Diabetes Mellitus Nursing Diagnosis Fluid Volume Deficient

Nursing Diagnosis and Nursing Intervention

Fluid volume deficient related to osmotic diuresis from hyperglycemia

Planning

After 8 hours of nursing interventions, the patient will demonstrate adequate hydration.

Intervention
  • Monitor orthostatic blood pressure changes.
    Rational : Hypovolemia may be manifested by hypotension and tachycardia.
  • Assess peripheral pulses, capillary refill, skin turgor, and mucous membrane.
    Rational : Indicators of level of dehydration, adequacy of circulating volume.
  • Monitor respiratory pattern like Kussmaul’s respirations and acetone breath.
    Rational : Lungs remove carbonic acid through respirations, producing a compensatory respiratory alkalosis for ketoacidosis.
  • Monitor input and output.
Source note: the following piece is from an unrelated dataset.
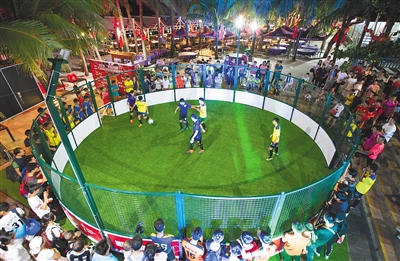 这项极具观赏性的足球比赛,吸引了不少市民、游客驻足观看,现场气氛热烈,各队纷纷亮出精湛绝活,引发球迷阵阵呐喊。除了热血激情的笼式足球比赛,现场还有“大东海世界杯足球主题乐园”游戏挑战、1VS1迷你笼式斗牛、贝式射门、勺子射门、足球投篮、足球金字塔、愤怒的足球、足球大斜面等挑战性强的游戏项目。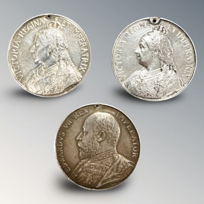 A Queen's South Africa Medal named to 8896 L/Cpl M.H. Ryan Grenadier Guards, another unnamed, and a King's South Africa Medal named to 4560 Pte. J. G. Hogben 2nd D.C.L.I. (3, named examples have been renamed, all lacking suspenders)

Note urine specific gravity.
    Rational : Provides ongoing estimate of volume replacement needs, kidney function, and effectiveness of therapy.
  • Promote comfortable environment. Cover patient with light sheets.
    Rational : Avoids overheating, which could promote further fluid loss.
  • Monitor temperature, skin color and moisture.
    Rational : Fever, chills, and diaphoresis are common with infectious process; fever with flushed, dry skin may reflect dehydration.